**Stored data**:

+++++

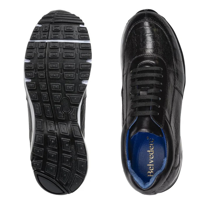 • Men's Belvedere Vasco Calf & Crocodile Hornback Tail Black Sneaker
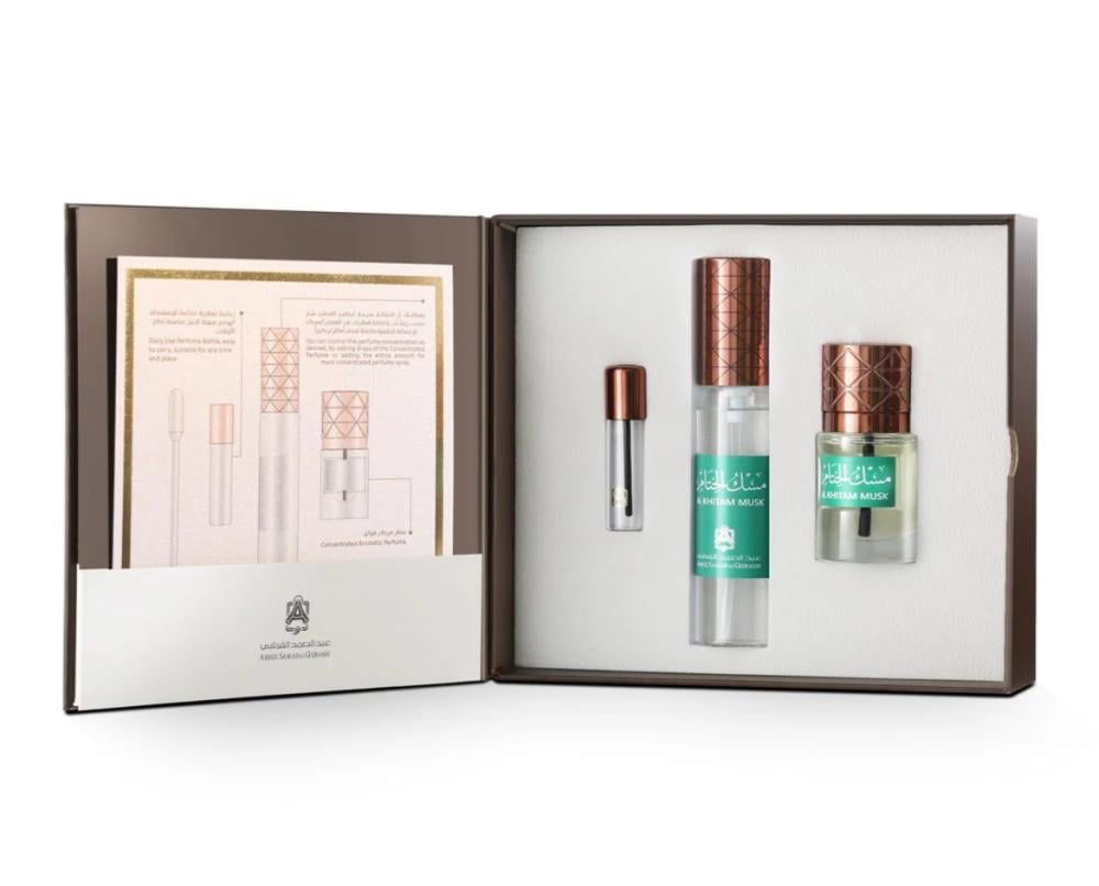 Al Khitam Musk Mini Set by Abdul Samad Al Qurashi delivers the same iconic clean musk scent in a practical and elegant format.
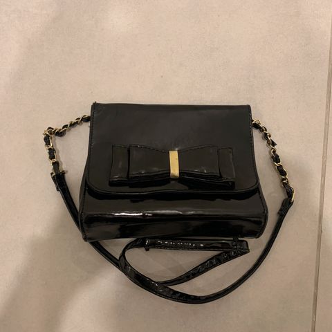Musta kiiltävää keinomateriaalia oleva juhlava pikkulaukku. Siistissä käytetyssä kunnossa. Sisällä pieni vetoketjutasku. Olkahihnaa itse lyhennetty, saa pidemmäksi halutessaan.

+++++

Every line above must appear in the answer unchanged, and no picture may appear in it.

 • Men's Belvedere Vasco Calf & Crocodile Hornback Tail Black Sneaker
 Al Khitam Musk Mini Set by Abdul Samad Al Qurashi delivers the same iconic clean musk scent in a practical and elegant format.
Musta kiiltävää keinomateriaalia oleva juhlava pikkulaukku. Siistissä käytetyssä kunnossa. Sisällä pieni vetoketjutasku. Olkahihnaa itse lyhennetty, saa pidemmäksi halutessaan.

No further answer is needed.